Надежда смутилась, ей не хотелось рассказывать незнакомцу, как буквально вырвала она бесхозную собаку из лап смерти, как отогрела, отласкала.
Вы не обижайтесь, - незнакомец почувствовал её настроение.
– Я ведь собачник опытный, каких только пород не повидал. А эта... Особая порода, редчайшая, их всего три в Москве. Родословная этой собачки аж с тринадцатого века ведётся. Вот я и удивляюсь...
Рассказ Надежды человека изумил. И действительно, как такая редкая, дорогая собака попала в больничный вольер для опытов? Может, украли, а потом испугались да и бросили. А её, бесхозную, туда. Кто знает? Незнакомец предупредил: «Будьте осторожны, собака редкая, как бы кто не позарился».
С тех пор Надежда стала читать городские объявления на столбах, в газетах, может, кто ищет собаку. Безуспешно. А дружба с Бетси крепла день ото дня. Надежда уже не представляла без неё своей жизни. И вдруг собака заболела. А через месяц тихо умерла. Диагноз: лейкоз...
Может быть, именно тогда она впервые увидела в этой жизненной страничке особый смысл. Тот самый, который не хотела замечать, потому что замечать боялась. Следующая её жизненная страничка обозначила этот смысл особенно явно.
Есть дела, на которые никогда не хватает времени. Сегодня выдался свободный день, и Надежда решила, наконец, разобраться на антресолях. Поставила стул, на стул маленькую скамеечку. Потянувшись за коробкой из-под обуви, она покачнулась и упала. Пронизывающая, нестерпимая боль... Уж ей-то, врачу, не надо говорить, что ничего страшного. Беда продиктовала новую главу в её книге жизни. Надежда сломала позвоночник. Долгие месяцы лежала она практически без движения, зная, что скажут ей коллеги-врачи. Они сказали:
– Инвалидность вам гарантирована. Подняться сможете, но никаких нагрузок, щадящий режим, подумайте, как будете приспосабливаться к новому своему состоянию инвалида.
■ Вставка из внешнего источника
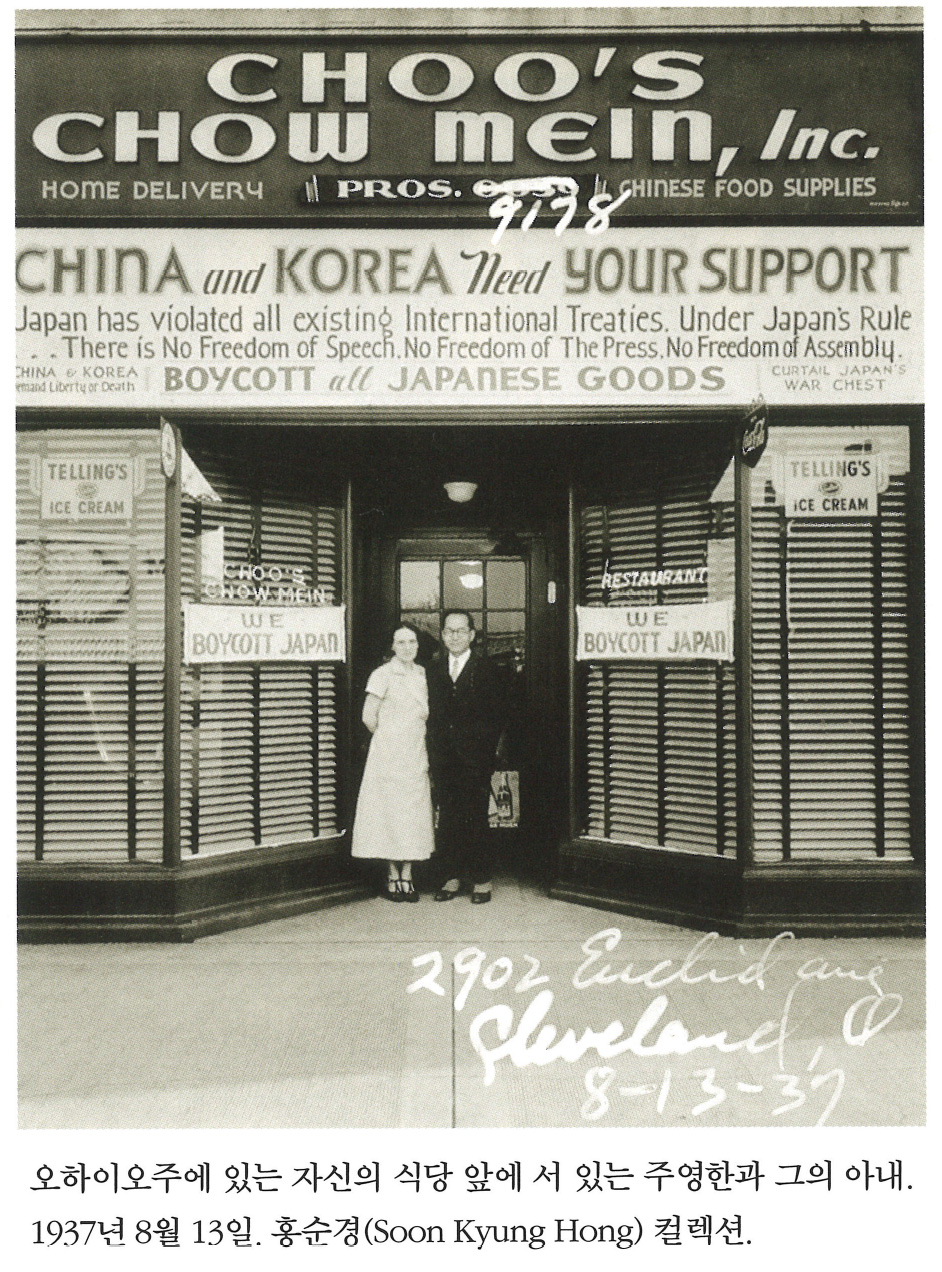 | oHOg7QVzSwyD8zRBavJwiA | 사진 | 오하이오주에 있는 자신의 식당 앞에 서 있는 주영한과 그의 아내. 1937년 8월 13일. 홍순경(Soon Kyung Hong) 컬렉션. | 주영한, 홍순경 | NULL |

Времени подумать было много. Но в этих мыслях почему-то все чаще вспоминались дети, оставленные ею в больнице. А ещё их родители. Позвонила одна мама. Плакала в трубку. жить совершенно не на что. Дети, у которых период острого лейкоза минует, подолгу живут дома. Они не могут посещать школу, так как ослаблены, учителя ходят к ним на дом. У них сложная схема приёма лекарств, им необходимы усиленное питание. особый уход и забота. Родители бросают работу и всецело посвящают себя больному ребёнку. Вот и эта мама тоже не работает, воспитывает девочку одна, и надеяться ей не на кого. Влезла в долг, купила вязальную машину, выучилась вязать. Брала кой-какие заказы, перебивалась. А в последнее время интерес к самодельному трикотажу пропал. Турция, Индия и Корея заполнили российские прилавки и российские шкафы.